**Task description:** Each entry is to be retyped exactly as it appears. Leave the images out.

Data records
-------------------------

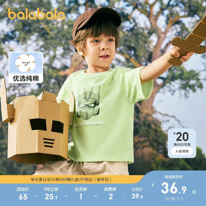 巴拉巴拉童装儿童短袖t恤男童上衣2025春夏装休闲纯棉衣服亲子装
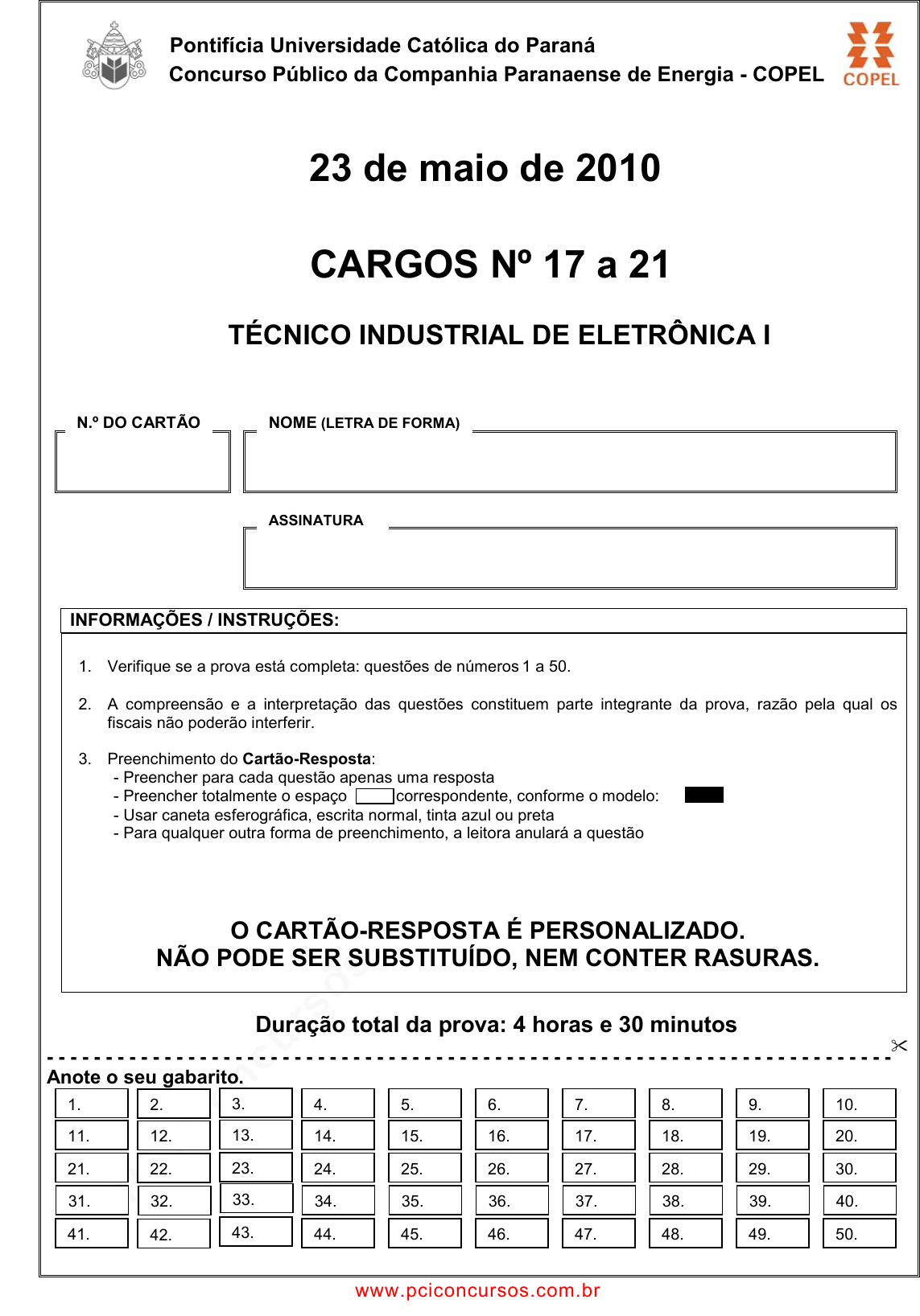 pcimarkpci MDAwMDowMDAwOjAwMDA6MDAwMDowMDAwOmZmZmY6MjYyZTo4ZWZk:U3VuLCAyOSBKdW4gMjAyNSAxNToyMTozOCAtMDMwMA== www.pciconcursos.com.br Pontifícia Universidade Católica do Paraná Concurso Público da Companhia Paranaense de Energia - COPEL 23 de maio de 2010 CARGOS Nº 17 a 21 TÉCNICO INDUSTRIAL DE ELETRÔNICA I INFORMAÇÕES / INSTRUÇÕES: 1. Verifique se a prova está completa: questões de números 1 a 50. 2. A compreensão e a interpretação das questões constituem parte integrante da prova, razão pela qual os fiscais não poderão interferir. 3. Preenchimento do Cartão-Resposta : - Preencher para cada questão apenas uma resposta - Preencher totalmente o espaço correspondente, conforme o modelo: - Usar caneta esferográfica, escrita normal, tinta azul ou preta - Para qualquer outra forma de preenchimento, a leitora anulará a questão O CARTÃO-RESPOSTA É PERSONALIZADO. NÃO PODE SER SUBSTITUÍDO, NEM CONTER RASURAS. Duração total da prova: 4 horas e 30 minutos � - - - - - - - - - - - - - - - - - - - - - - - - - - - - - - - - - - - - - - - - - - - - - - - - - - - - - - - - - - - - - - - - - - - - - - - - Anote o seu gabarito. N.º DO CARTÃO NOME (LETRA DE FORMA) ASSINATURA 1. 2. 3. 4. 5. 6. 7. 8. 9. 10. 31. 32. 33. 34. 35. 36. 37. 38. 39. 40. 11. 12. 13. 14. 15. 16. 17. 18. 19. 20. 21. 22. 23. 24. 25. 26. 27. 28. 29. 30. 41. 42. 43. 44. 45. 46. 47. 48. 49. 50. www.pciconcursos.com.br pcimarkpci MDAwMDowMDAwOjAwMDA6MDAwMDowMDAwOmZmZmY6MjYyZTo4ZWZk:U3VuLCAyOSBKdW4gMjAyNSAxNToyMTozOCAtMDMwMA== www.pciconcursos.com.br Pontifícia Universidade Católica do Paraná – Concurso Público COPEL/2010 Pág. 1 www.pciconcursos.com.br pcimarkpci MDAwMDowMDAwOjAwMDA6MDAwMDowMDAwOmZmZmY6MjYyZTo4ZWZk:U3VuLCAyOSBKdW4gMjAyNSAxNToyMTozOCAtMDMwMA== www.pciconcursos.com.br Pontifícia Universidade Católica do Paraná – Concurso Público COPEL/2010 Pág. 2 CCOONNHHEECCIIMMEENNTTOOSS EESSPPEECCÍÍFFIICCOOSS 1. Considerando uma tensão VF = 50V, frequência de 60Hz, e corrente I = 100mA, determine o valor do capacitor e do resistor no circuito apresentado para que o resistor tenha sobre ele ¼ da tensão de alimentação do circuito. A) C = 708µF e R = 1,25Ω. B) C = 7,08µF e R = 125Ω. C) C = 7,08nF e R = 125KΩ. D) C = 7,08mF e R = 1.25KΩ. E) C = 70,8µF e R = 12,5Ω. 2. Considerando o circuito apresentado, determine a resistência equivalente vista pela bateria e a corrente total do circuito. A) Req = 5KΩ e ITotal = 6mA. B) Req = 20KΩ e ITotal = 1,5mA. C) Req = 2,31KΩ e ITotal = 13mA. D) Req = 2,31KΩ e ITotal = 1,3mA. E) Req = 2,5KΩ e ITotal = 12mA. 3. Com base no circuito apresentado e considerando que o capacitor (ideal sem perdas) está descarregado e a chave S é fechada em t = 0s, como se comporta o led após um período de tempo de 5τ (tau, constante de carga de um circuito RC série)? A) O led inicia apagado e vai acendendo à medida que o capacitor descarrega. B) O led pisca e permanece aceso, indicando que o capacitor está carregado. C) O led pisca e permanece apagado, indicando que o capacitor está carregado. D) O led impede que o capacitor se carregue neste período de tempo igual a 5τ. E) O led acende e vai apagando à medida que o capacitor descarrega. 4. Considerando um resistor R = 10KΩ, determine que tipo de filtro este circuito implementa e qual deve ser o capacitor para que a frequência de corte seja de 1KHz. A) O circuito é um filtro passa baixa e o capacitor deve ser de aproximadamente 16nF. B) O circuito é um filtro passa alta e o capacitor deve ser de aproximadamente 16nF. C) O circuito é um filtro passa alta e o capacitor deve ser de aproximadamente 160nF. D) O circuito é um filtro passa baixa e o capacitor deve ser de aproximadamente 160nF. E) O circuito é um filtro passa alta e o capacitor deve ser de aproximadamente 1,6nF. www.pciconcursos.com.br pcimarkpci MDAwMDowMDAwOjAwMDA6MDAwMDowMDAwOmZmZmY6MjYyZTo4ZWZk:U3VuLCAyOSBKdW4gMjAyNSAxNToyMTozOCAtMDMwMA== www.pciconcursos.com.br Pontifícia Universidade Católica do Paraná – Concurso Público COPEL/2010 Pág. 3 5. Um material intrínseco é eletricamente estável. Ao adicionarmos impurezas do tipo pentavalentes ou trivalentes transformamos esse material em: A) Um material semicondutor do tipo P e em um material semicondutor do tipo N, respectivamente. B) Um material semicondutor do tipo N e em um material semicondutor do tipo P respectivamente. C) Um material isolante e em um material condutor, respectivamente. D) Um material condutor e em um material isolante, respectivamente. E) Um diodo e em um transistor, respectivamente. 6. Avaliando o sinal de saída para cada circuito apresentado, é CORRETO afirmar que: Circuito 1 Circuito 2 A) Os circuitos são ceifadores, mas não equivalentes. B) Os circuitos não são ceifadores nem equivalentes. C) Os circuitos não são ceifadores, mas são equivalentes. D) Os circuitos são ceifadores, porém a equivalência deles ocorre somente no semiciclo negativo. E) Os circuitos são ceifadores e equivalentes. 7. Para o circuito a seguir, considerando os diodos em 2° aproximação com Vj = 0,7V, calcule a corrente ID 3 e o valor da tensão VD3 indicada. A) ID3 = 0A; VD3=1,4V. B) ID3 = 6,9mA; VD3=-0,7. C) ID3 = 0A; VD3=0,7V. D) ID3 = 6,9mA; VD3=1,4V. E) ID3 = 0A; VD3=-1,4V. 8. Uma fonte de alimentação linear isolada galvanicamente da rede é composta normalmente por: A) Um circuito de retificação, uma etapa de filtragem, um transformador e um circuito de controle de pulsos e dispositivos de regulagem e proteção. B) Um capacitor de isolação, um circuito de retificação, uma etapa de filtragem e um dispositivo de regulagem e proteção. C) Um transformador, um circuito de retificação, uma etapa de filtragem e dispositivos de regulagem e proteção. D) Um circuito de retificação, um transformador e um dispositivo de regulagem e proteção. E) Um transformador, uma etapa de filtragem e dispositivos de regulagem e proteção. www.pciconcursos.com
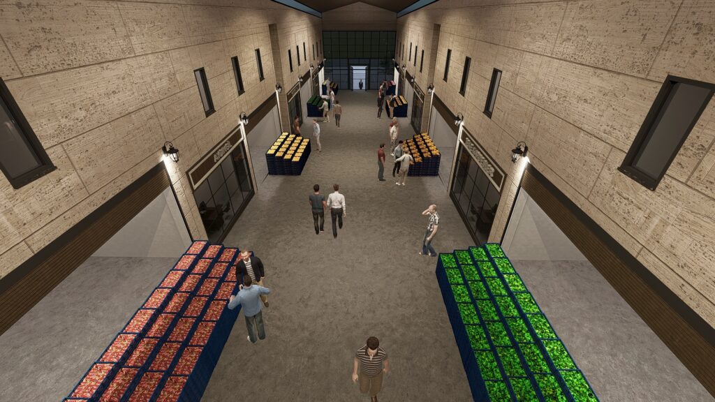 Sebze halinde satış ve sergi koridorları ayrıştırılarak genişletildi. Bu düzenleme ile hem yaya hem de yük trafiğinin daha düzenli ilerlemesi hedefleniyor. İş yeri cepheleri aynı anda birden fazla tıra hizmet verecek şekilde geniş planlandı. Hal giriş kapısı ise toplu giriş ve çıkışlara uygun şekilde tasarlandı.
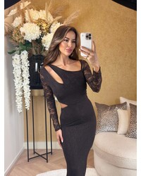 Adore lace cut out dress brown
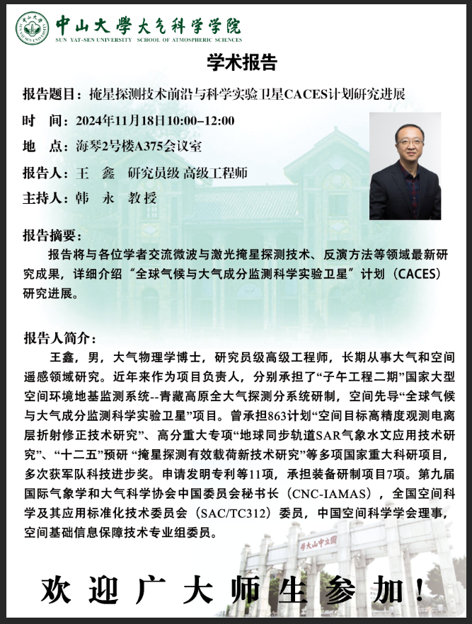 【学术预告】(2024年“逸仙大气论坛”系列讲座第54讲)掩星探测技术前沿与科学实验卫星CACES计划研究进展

-------------------------

**Response:**
 巴拉巴拉童装儿童短袖t恤男童上衣2025春夏装休闲纯棉衣服亲子装
 pcimarkpci MDAwMDowMDAwOjAwMDA6MDAwMDowMDAwOmZmZmY6MjYyZTo4ZWZk:U3VuLCAyOSBKdW4gMjAyNSAxNToyMTozOCAtMDMwMA== www.pciconcursos.com.br Pontifícia Universidade Católica do Paraná Concurso Público da Companhia Paranaense de Energia - COPEL 23 de maio de 2010 CARGOS Nº 17 a 21 TÉCNICO INDUSTRIAL DE ELETRÔNICA I INFORMAÇÕES / INSTRUÇÕES: 1. Verifique se a prova está completa: questões de números 1 a 50. 2. A compreensão e a interpretação das questões constituem parte integrante da prova, razão pela qual os fiscais não poderão interferir. 3. Preenchimento do Cartão-Resposta : - Preencher para cada questão apenas uma resposta - Preencher totalmente o espaço correspondente, conforme o modelo: - Usar caneta esferográfica, escrita normal, tinta azul ou preta - Para qualquer outra forma de preenchimento, a leitora anulará a questão O CARTÃO-RESPOSTA É PERSONALIZADO. NÃO PODE SER SUBSTITUÍDO, NEM CONTER RASURAS. Duração total da prova: 4 horas e 30 minutos � - - - - - - - - - - - - - - - - - - - - - - - - - - - - - - - - - - - - - - - - - - - - - - - - - - - - - - - - - - - - - - - - - - - - - - - - Anote o seu gabarito. N.º DO CARTÃO NOME (LETRA DE FORMA) ASSINATURA 1. 2. 3. 4. 5. 6. 7. 8. 9. 10. 31. 32. 33. 34. 35. 36. 37. 38. 39. 40. 11. 12. 13. 14. 15. 16. 17. 18. 19. 20. 21. 22. 23. 24. 25. 26. 27. 28. 29. 30. 41. 42. 43. 44. 45. 46. 47. 48. 49. 50. www.pciconcursos.com.br pcimarkpci MDAwMDowMDAwOjAwMDA6MDAwMDowMDAwOmZmZmY6MjYyZTo4ZWZk:U3VuLCAyOSBKdW4gMjAyNSAxNToyMTozOCAtMDMwMA== www.pciconcursos.com.br Pontifícia Universidade Católica do Paraná – Concurso Público COPEL/2010 Pág. 1 www.pciconcursos.com.br pcimarkpci MDAwMDowMDAwOjAwMDA6MDAwMDowMDAwOmZmZmY6MjYyZTo4ZWZk:U3VuLCAyOSBKdW4gMjAyNSAxNToyMTozOCAtMDMwMA== www.pciconcursos.com.br Pontifícia Universidade Católica do Paraná – Concurso Público COPEL/2010 Pág. 2 CCOONNHHEECCIIMMEENNTTOOSS EESSPPEECCÍÍFFIICCOOSS 1. Considerando uma tensão VF = 50V, frequência de 60Hz, e corrente I = 100mA, determine o valor do capacitor e do resistor no circuito apresentado para que o resistor tenha sobre ele ¼ da tensão de alimentação do circuito. A) C = 708µF e R = 1,25Ω. B) C = 7,08µF e R = 125Ω. C) C = 7,08nF e R = 125KΩ. D) C = 7,08mF e R = 1.25KΩ. E) C = 70,8µF e R = 12,5Ω. 2. Considerando o circuito apresentado, determine a resistência equivalente vista pela bateria e a corrente total do circuito. A) Req = 5KΩ e ITotal = 6mA. B) Req = 20KΩ e ITotal = 1,5mA. C) Req = 2,31KΩ e ITotal = 13mA. D) Req = 2,31KΩ e ITotal = 1,3mA. E) Req = 2,5KΩ e ITotal = 12mA. 3. Com base no circuito apresentado e considerando que o capacitor (ideal sem perdas) está descarregado e a chave S é fechada em t = 0s, como se comporta o led após um período de tempo de 5τ (tau, constante de carga de um circuito RC série)? A) O led inicia apagado e vai acendendo à medida que o capacitor descarrega. B) O led pisca e permanece aceso, indicando que o capacitor está carregado. C) O led pisca e permanece apagado, indicando que o capacitor está carregado. D) O led impede que o capacitor se carregue neste período de tempo igual a 5τ. E) O led acende e vai apagando à medida que o capacitor descarrega. 4. Considerando um resistor R = 10KΩ, determine que tipo de filtro este circuito implementa e qual deve ser o capacitor para que a frequência de corte seja de 1KHz. A) O circuito é um filtro passa baixa e o capacitor deve ser de aproximadamente 16nF. B) O circuito é um filtro passa alta e o capacitor deve ser de aproximadamente 16nF. C) O circuito é um filtro passa alta e o capacitor deve ser de aproximadamente 160nF. D) O circuito é um filtro passa baixa e o capacitor deve ser de aproximadamente 160nF. E) O circuito é um filtro passa alta e o capacitor deve ser de aproximadamente 1,6nF. www.pciconcursos.com.br pcimarkpci MDAwMDowMDAwOjAwMDA6MDAwMDowMDAwOmZmZmY6MjYyZTo4ZWZk:U3VuLCAyOSBKdW4gMjAyNSAxNToyMTozOCAtMDMwMA== www.pciconcursos.com.br Pontifícia Universidade Católica do Paraná – Concurso Público COPEL/2010 Pág. 3 5. Um material intrínseco é eletricamente estável. Ao adicionarmos impurezas do tipo pentavalentes ou trivalentes transformamos esse material em: A) Um material semicondutor do tipo P e em um material semicondutor do tipo N, respectivamente. B) Um material semicondutor do tipo N e em um material semicondutor do tipo P respectivamente. C) Um material isolante e em um material condutor, respectivamente. D) Um material condutor e em um material isolante, respectivamente. E) Um diodo e em um transistor, respectivamente. 6. Avaliando o sinal de saída para cada circuito apresentado, é CORRETO afirmar que: Circuito 1 Circuito 2 A) Os circuitos são ceifadores, mas não equivalentes. B) Os circuitos não são ceifadores nem equivalentes. C) Os circuitos não são ceifadores, mas são equivalentes. D) Os circuitos são ceifadores, porém a equivalência deles ocorre somente no semiciclo negativo. E) Os circuitos são ceifadores e equivalentes. 7. Para o circuito a seguir, considerando os diodos em 2° aproximação com Vj = 0,7V, calcule a corrente ID 3 e o valor da tensão VD3 indicada. A) ID3 = 0A; VD3=1,4V. B) ID3 = 6,9mA; VD3=-0,7. C) ID3 = 0A; VD3=0,7V. D) ID3 = 6,9mA; VD3=1,4V. E) ID3 = 0A; VD3=-1,4V. 8. Uma fonte de alimentação linear isolada galvanicamente da rede é composta normalmente por: A) Um circuito de retificação, uma etapa de filtragem, um transformador e um circuito de controle de pulsos e dispositivos de regulagem e proteção. B) Um capacitor de isolação, um circuito de retificação, uma etapa de filtragem e um dispositivo de regulagem e proteção. C) Um transformador, um circuito de retificação, uma etapa de filtragem e dispositivos de regulagem e proteção. D) Um circuito de retificação, um transformador e um dispositivo de regulagem e proteção. E) Um transformador, uma etapa de filtragem e dispositivos de regulagem e proteção. www.pciconcursos.com
 Sebze halinde satış ve sergi koridorları ayrıştırılarak genişletildi. Bu düzenleme ile hem yaya hem de yük trafiğinin daha düzenli ilerlemesi hedefleniyor. İş yeri cepheleri aynı anda birden fazla tıra hizmet verecek şekilde geniş planlandı. Hal giriş kapısı ise toplu giriş ve çıkışlara uygun şekilde tasarlandı.
 Adore lace cut out dress brown
 【学术预告】(2024年“逸仙大气论坛”系列讲座第54讲)掩星探测技术前沿与科学实验卫星CACES计划研究进展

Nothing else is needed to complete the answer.